▶ WORK REQUEST:
Begin at the line below that holds "Pudełko wykonane z" and end at the line that holds "Oscars 2025 Party", transcribing each line exactly and skipping any picture.

▶ EXERCISE INPUT:
++++++++++

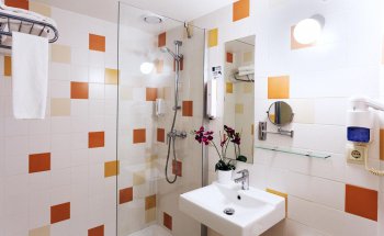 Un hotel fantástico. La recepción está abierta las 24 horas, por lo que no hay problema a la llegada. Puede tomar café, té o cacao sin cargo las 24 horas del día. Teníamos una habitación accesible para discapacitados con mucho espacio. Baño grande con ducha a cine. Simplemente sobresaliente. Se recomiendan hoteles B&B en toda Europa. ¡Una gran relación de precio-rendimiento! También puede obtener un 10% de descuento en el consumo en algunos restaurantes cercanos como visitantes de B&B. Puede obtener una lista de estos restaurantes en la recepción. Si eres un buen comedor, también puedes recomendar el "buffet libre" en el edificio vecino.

++++++++++

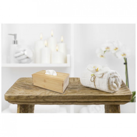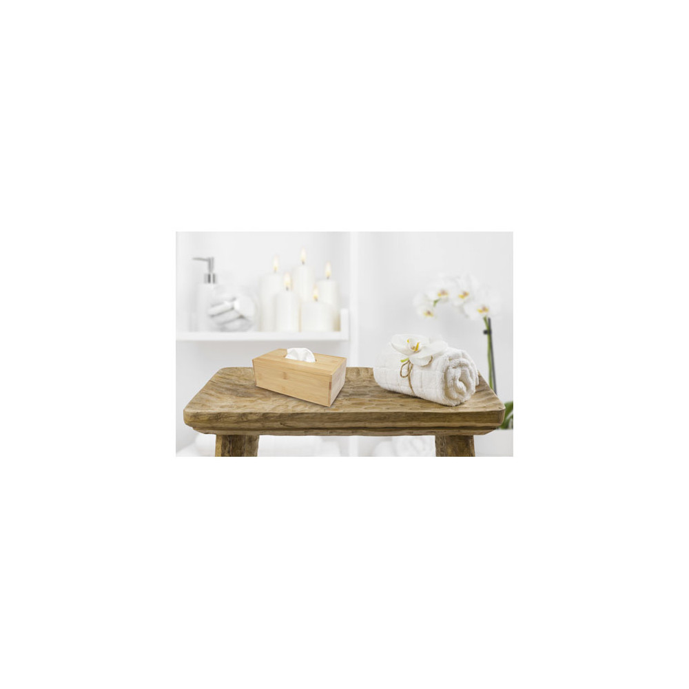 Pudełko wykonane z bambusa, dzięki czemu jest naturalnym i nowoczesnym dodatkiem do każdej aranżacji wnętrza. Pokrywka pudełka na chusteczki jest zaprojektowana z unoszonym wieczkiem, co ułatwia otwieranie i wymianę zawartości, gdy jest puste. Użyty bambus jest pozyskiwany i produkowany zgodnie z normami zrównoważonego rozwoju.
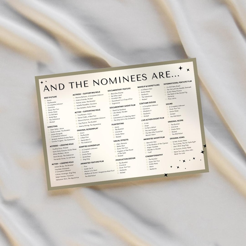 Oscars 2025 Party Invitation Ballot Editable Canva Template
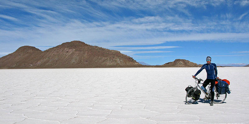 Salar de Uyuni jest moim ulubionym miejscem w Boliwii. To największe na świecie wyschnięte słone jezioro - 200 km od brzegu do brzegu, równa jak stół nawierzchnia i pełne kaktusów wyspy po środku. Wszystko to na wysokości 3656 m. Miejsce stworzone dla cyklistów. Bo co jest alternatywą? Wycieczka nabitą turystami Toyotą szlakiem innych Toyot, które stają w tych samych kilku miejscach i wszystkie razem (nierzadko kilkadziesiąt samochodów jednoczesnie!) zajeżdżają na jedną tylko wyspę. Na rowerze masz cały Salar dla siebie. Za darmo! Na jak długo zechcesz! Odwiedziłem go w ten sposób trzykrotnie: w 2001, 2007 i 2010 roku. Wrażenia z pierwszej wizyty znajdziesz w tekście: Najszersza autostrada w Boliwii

++++++++++

▶ SOLUTION FOR THIS PROBLEM:
 Pudełko wykonane z bambusa, dzięki czemu jest naturalnym i nowoczesnym dodatkiem do każdej aranżacji wnętrza. Pokrywka pudełka na chusteczki jest zaprojektowana z unoszonym wieczkiem, co ułatwia otwieranie i wymianę zawartości, gdy jest puste. Użyty bambus jest pozyskiwany i produkowany zgodnie z normami zrównoważonego rozwoju.
 Oscars 2025 Party Invitation Ballot Editable Canva Template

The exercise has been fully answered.